■ **THE TASK**: In this exercise, retype exactly and only the lines from the top of the entries below through the line that holds "CHRISTIAN DIOR Brown", omitting pictures.

(Records from a data collection)
◆ ◆ ◆
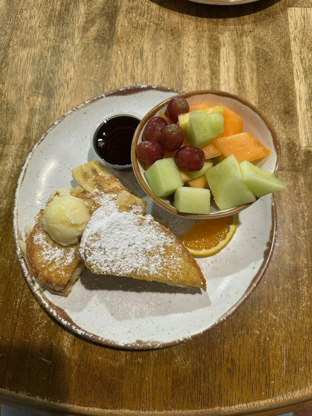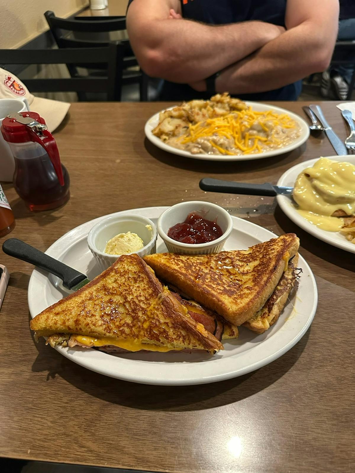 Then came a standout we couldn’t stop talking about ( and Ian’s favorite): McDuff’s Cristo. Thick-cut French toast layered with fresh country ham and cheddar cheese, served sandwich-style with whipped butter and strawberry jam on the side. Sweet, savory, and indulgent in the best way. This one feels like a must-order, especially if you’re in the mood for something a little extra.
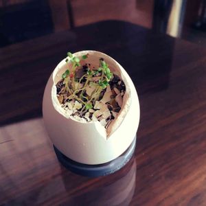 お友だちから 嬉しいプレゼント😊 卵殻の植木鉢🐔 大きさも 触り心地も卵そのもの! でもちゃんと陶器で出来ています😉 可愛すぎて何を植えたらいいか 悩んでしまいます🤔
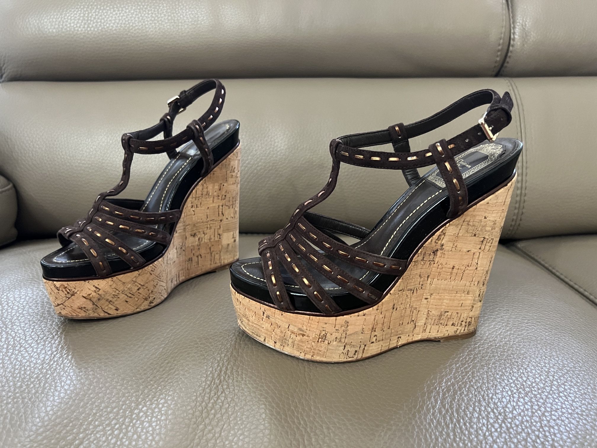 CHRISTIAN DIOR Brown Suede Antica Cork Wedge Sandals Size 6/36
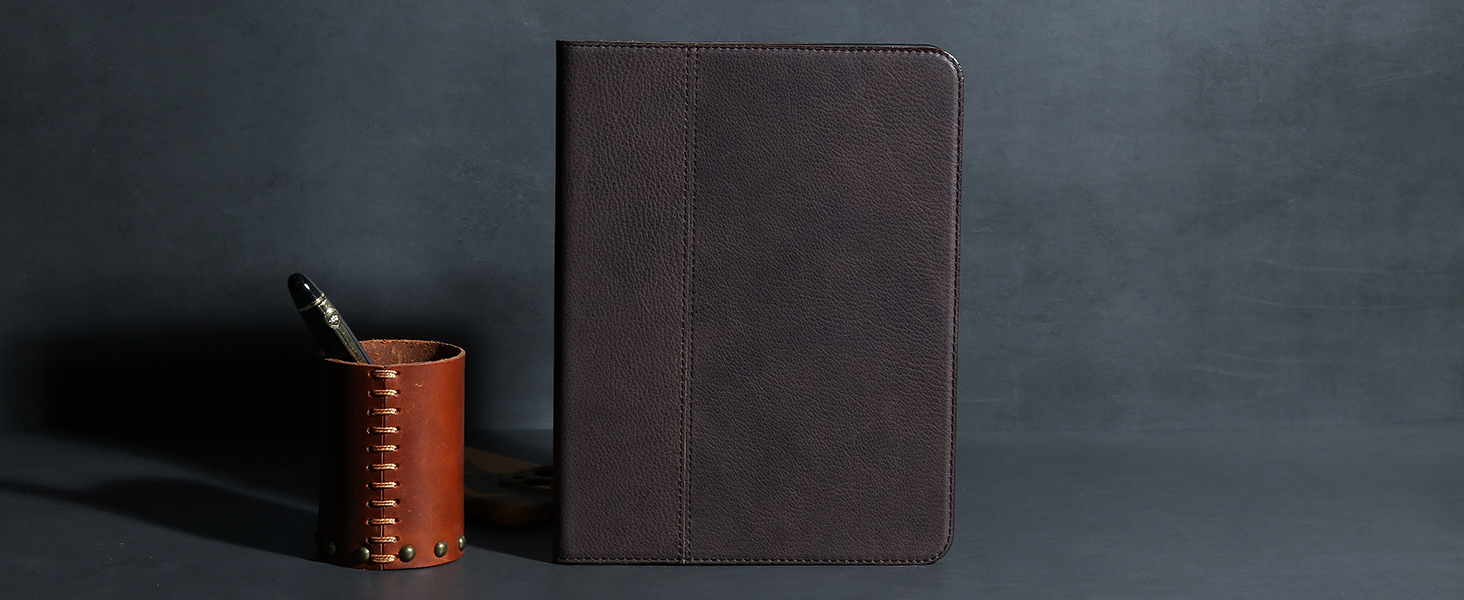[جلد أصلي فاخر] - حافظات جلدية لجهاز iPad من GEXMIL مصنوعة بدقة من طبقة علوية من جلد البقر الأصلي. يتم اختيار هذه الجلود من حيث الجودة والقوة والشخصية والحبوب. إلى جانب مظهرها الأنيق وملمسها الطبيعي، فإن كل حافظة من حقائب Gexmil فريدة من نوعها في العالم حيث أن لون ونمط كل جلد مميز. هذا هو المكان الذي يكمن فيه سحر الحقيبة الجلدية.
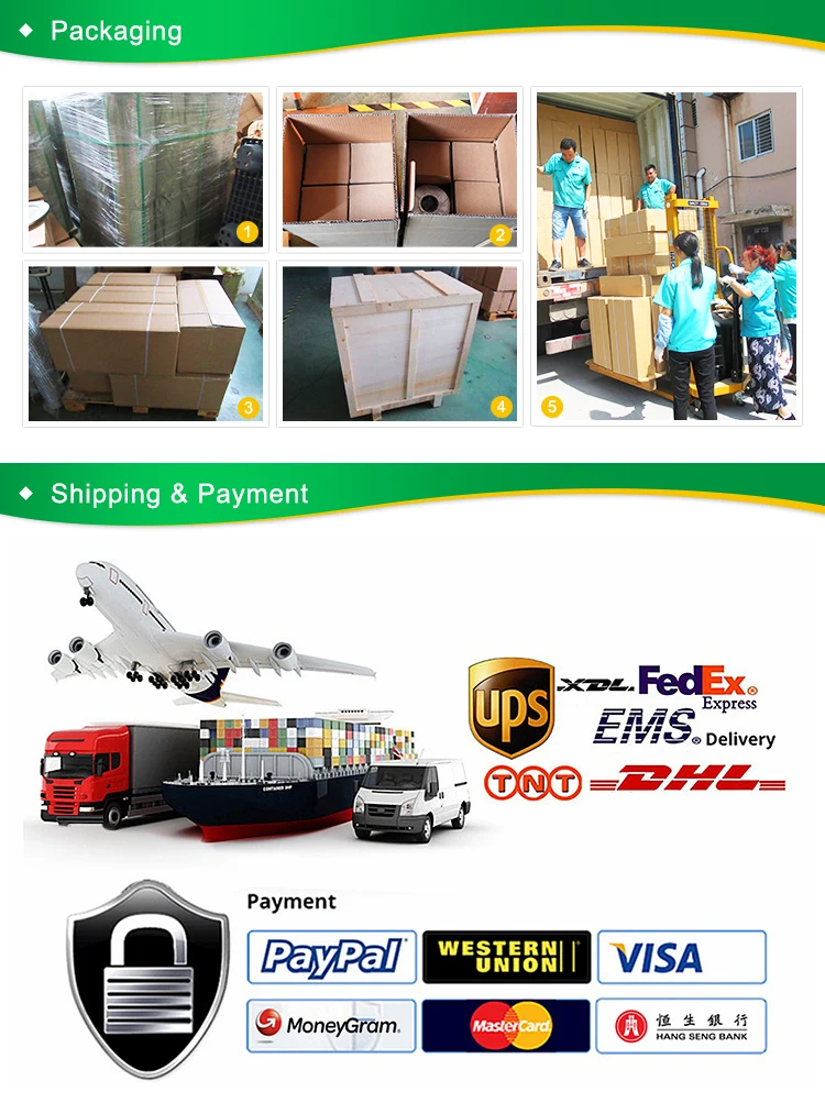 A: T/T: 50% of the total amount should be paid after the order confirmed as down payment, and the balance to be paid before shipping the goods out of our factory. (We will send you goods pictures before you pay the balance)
◆ ◆ ◆
■ **EXERCISE OUTPUT**:
 Then came a standout we couldn’t stop talking about ( and Ian’s favorite): McDuff’s Cristo. Thick-cut French toast layered with fresh country ham and cheddar cheese, served sandwich-style with whipped butter and strawberry jam on the side. Sweet, savory, and indulgent in the best way. This one feels like a must-order, especially if you’re in the mood for something a little extra.
 お友だちから 嬉しいプレゼント😊 卵殻の植木鉢🐔 大きさも 触り心地も卵そのもの! でもちゃんと陶器で出来ています😉 可愛すぎて何を植えたらいいか 悩んでしまいます🤔
 CHRISTIAN DIOR Brown Suede Antica Cork Wedge Sandals Size 6/36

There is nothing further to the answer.